A Bedford-Stuyvesant doctor was the guest of honor at the monthly “Conversations in Gallery” at the Richard Beavers Gallery in Bedford-Stuyvesant on April 19. Dr. Robert Gore is a physician at Kings County Hospital, and a community leader who uses his experience in the medical field to give back to his community. The monthly event, which is hosted by C. Zawadi Morris of BK Reader, brings forth local community leaders who work in various professions to the forefront — and spotlights someone once a month to discuss his or her experiences and dedication to community work.
Gore is the founder of the Kings Against Violence Initiative (KAVI) — a teen intervention program targeting at-risk youth. His commitment to his community makes him a standout member worthy of highlighting, and making others aware of his work, said gallery founder Richard Beavers.

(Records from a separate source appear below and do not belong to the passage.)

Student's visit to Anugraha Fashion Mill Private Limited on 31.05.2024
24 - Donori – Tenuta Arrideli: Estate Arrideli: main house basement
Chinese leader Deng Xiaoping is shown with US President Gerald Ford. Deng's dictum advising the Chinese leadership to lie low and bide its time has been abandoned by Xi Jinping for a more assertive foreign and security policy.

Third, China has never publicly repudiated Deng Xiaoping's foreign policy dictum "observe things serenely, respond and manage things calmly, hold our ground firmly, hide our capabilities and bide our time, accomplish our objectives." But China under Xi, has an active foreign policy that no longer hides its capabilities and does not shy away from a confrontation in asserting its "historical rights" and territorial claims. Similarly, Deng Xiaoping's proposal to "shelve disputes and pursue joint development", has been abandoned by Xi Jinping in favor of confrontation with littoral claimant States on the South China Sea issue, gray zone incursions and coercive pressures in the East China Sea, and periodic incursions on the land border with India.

“Because of his profession as a doctor and being from the community, and still working in a capacity to service that community — he sees the need to use his platform for outreach and to create programs for kids in communities where there is gun violence,” said Beavers. “How many doctors do you see using resources they have to reach back and create something for their communities?”

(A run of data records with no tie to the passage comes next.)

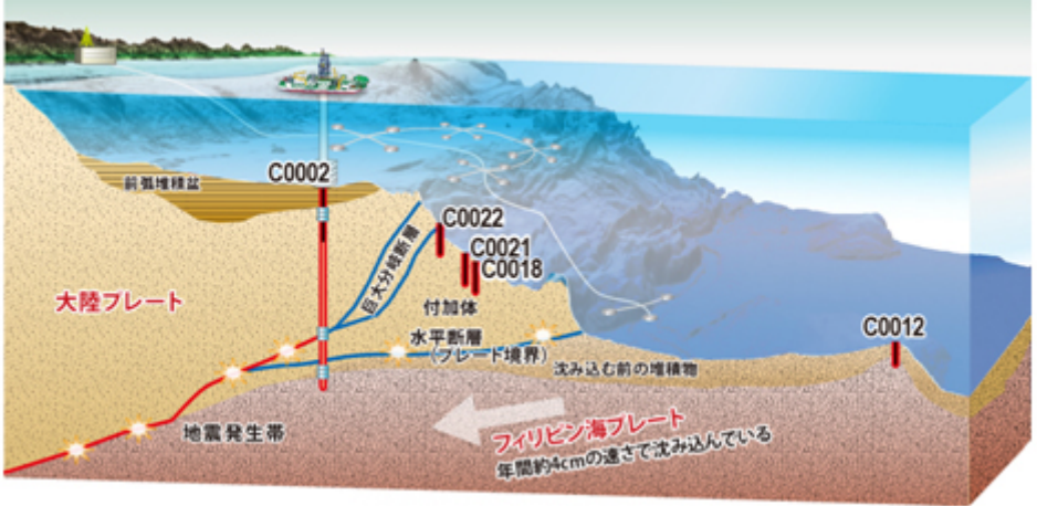
Figure 1 Drilling Sites

Investigation of sediments above seismogenic zone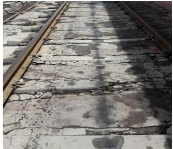
Fig.4 Deterioration of Cast-in-situ BLT

Longitudinal crack which is induced by the non homogeneous stress easily appear in the range of fastener. There are many cracks in the inner side of frame track slab, and some cracks run through the total depth of track slab. Some cracks were developed due to Non-linear and irreversible behavior of concrete material. Sometimes cracks are also caused by freezing and thawing of saturated concrete, or corrosion of reinforcing steel. However cracks from these sources may not appear for years.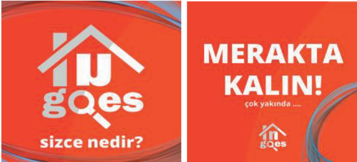
Figure 2. What is Ingoes?

On May 23, they asked the meaning of Ingoes through Redrofon street interviews.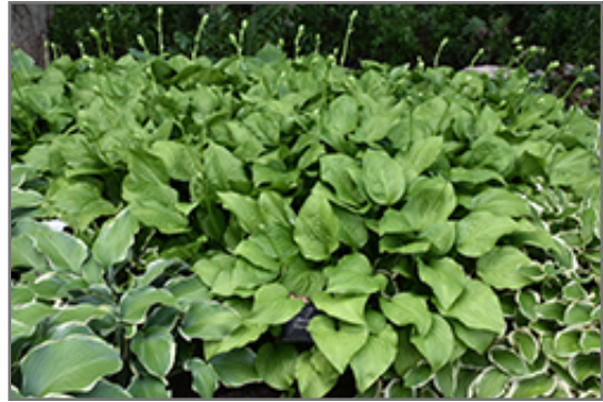
Royal Standard Hosta

Royal Standard Hosta is recommended for the following landscape applications;

At the event, the healthcare professional spoke about his work against gun violence, and the necessity of mental health in black communities — a subject that is very much tabooed, he said.
“We talked a lot about everything, but mostly about mental health and wellbeing,” said Gore. “And one thing I spoke about was making sure that people consider their wellness and talk about the signs and symptoms of a mental health problem because it’s such a taboo thing in our community — the African American and Afro-Caribbean communities.”
He said that an emphasis on mental health could help many seek out the assistance of counselors and therapists, and tackle many stresses that come with life, something Gore is very familiar with. Working full-time in the emergency room, his day-to-day tasks often come with high stress situations, and in order to manage that, it requires quick decision-making and daily stress management.
“A lot of my experience in the emergency room is seeing people who are stressed and sick, and people who are potentially dealing with something life-threatening — so I have to make micro and macro decisions in a short time frame and ensure I’m not missing anything important,” said Gore. “And it can be stressful, but over the years I’ve learned how to manage stress and how to heal from traumatic things.”
Gore said his work was only getting started and he planned on reaching more people with his work and hoped to pass the torch.
“For me, a big thing is capacity-building and anything related to doing community work because I’m also thinking about what’s in it for the long haul, and how the work will continue to evolve,” he said.